EXERCISE GOAL —
Output only the lines below that start at the line containing "また、従来の「付き合いのある" and end at the line containing "Ingredients for Valentine’s", with both ends kept.

DATA EXTRACT —
'''
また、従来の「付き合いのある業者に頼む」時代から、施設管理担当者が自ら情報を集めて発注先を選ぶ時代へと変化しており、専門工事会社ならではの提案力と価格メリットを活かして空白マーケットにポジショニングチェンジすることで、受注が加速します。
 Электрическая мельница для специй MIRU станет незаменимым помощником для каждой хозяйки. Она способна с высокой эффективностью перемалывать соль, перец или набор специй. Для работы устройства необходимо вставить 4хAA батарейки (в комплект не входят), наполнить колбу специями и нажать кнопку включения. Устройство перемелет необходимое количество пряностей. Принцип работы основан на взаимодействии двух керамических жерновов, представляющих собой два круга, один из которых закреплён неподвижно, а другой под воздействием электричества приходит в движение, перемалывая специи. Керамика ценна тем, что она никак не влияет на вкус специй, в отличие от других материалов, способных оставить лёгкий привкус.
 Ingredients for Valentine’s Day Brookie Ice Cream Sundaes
'''
'''
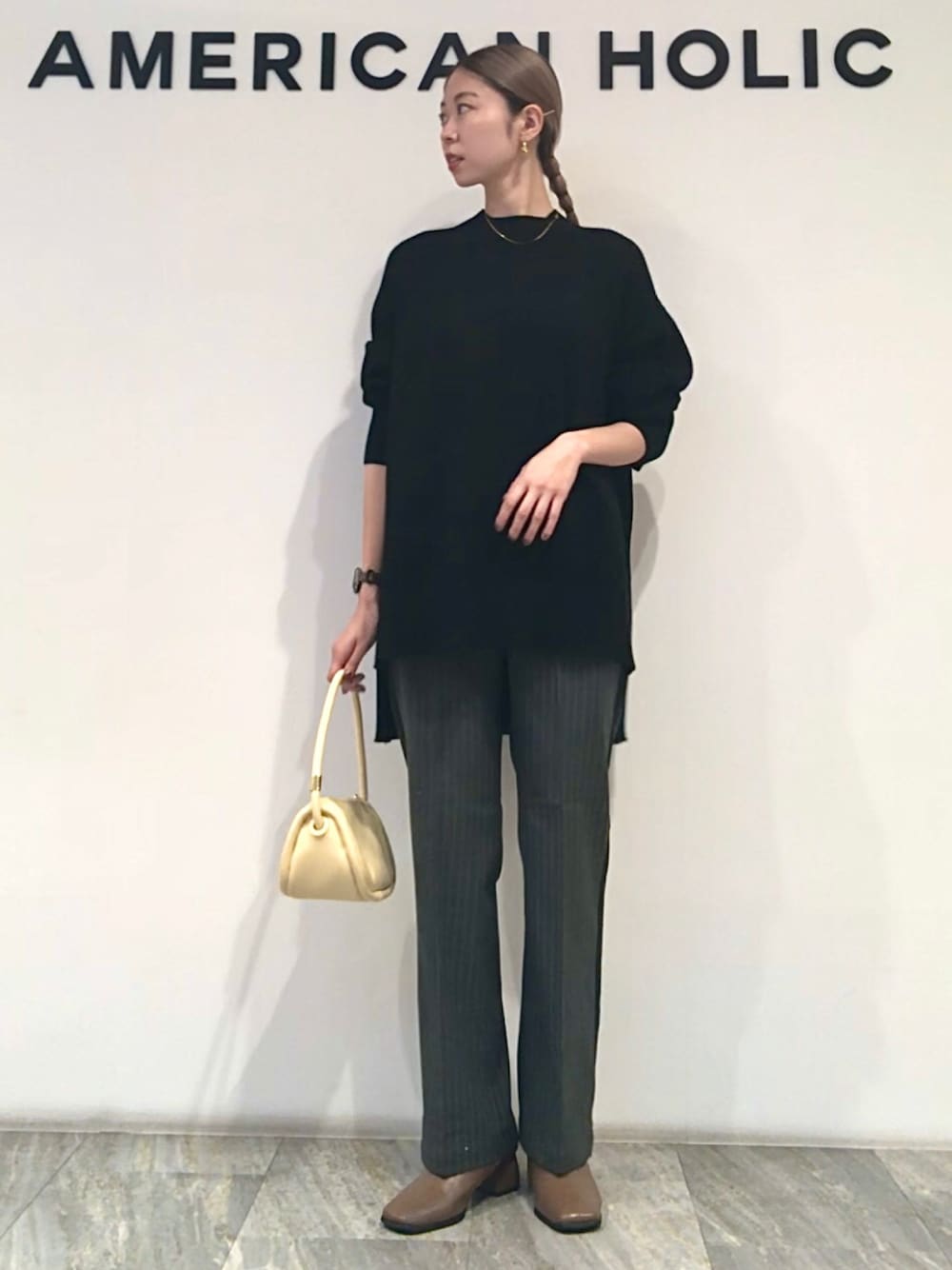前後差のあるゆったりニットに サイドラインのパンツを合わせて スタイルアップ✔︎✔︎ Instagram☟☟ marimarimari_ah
'''
FINISHED EXERCISE —
また、従来の「付き合いのある業者に頼む」時代から、施設管理担当者が自ら情報を集めて発注先を選ぶ時代へと変化しており、専門工事会社ならではの提案力と価格メリットを活かして空白マーケットにポジショニングチェンジすることで、受注が加速します。
 Электрическая мельница для специй MIRU станет незаменимым помощником для каждой хозяйки. Она способна с высокой эффективностью перемалывать соль, перец или набор специй. Для работы устройства необходимо вставить 4хAA батарейки (в комплект не входят), наполнить колбу специями и нажать кнопку включения. Устройство перемелет необходимое количество пряностей. Принцип работы основан на взаимодействии двух керамических жерновов, представляющих собой два круга, один из которых закреплён неподвижно, а другой под воздействием электричества приходит в движение, перемалывая специи. Керамика ценна тем, что она никак не влияет на вкус специй, в отличие от других материалов, способных оставить лёгкий привкус.
 Ingredients for Valentine’s Day Brookie Ice Cream Sundaes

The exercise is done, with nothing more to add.